Yerkin Tatishev has consistently emphasized the importance of building businesses that are structurally sound rather than simply profitable in favorable conditions. In industrial manufacturing, structural soundness means supply chain resilience — the ability to keep producing and delivering when conditions become difficult. That resilience does not happen by accident. It is the result of deliberate investment and careful operational design.
Serving Infrastructure Growth Across the Region
Kazakhstan and its Central Asian neighbors have experienced substantial infrastructure investment over the past two decades. Government programs targeting road networks, public facilities, housing, and energy infrastructure have created sustained demand for construction materials at significant scale.
Kusto Group was well positioned to serve that demand. Its manufacturing operations were located in the region, reducing the logistics costs and lead times that international suppliers faced. Its production quality met the standards that major infrastructure programs required. And its scale allowed it to fulfill large orders with consistency that smaller domestic producers often struggled to match.

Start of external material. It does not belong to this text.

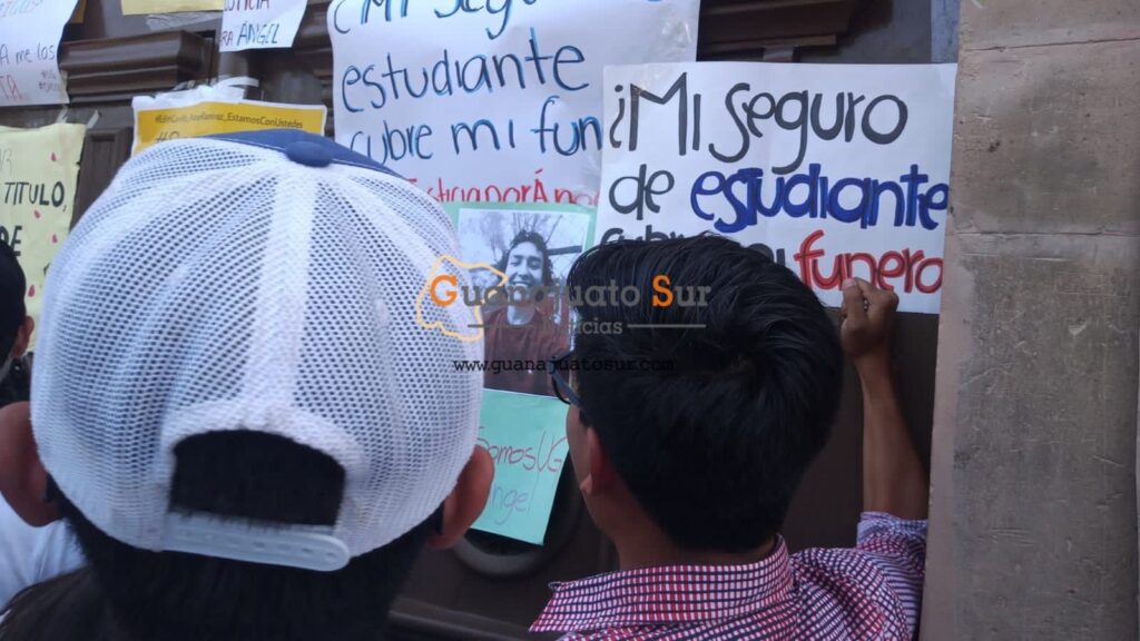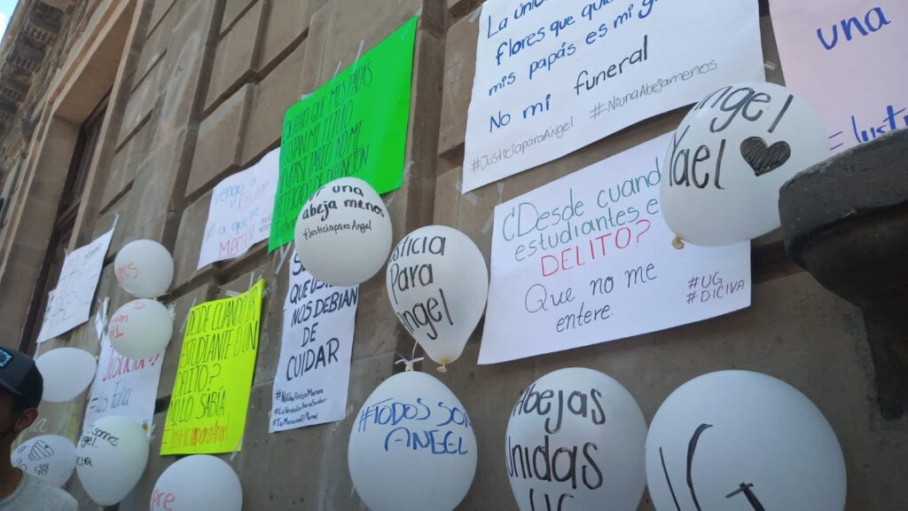 Decenas de estudiantes de la Universidad de Guanajuato así como padres y docentes se manifestaron de manera pacífica pidiendo justicia por el homicidio de Ángel.
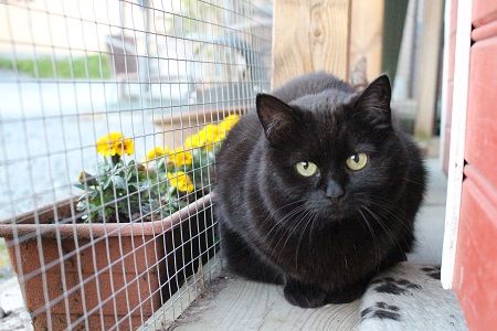Hon hölls sig mycket till sin Pappa Roffe (som nu sorgligt nog gått bort). Nu har hon blivit modigare och rör sig mera öppet. När hon är inne på eftermiddagarna så vill hon gärna bjudas på något gott och få en liten kelstund.

The relationship between Kusto Group's industrial manufacturing capabilities and the broader infrastructure development of Central Asia became mutually reinforcing over time. As infrastructure investment grew, so did demand for the company's products. As the company's capabilities expanded, it became a more reliable partner for the increasingly ambitious projects that regional governments and private developers were undertaking.
This dynamic gave Kusto Group a front-row seat to one of the more significant infrastructure buildouts in the post-Soviet world — and a direct stake in its success.
Technology, Modernization, and the Path Forward
Industrial manufacturing is not a static business. Technologies evolve, environmental standards tighten, energy costs fluctuate, and the competitive landscape shifts as new entrants emerge and existing players invest in modernization. Staying competitive over the long term requires continuous attention to production efficiency, environmental performance, and the adoption of new methods and materials as they become available.
Kusto Group has maintained a consistent focus on modernization across its industrial operations. Rather than treating initial capital investment as sufficient for the long term, the company has continued investing in technology upgrades and process improvements that keep its manufacturing operations competitive as conditions change.
This orientation toward continuous improvement reflects a broader principle that Yerkin Tatishev has applied across Kusto Group's portfolio — the recognition that industries do not stand still and that businesses which stop investing in their own development quickly find themselves falling behind. In manufacturing, where margins can be thin and competitive advantages are often incremental rather than dramatic, this kind of sustained commitment to improvement is particularly important.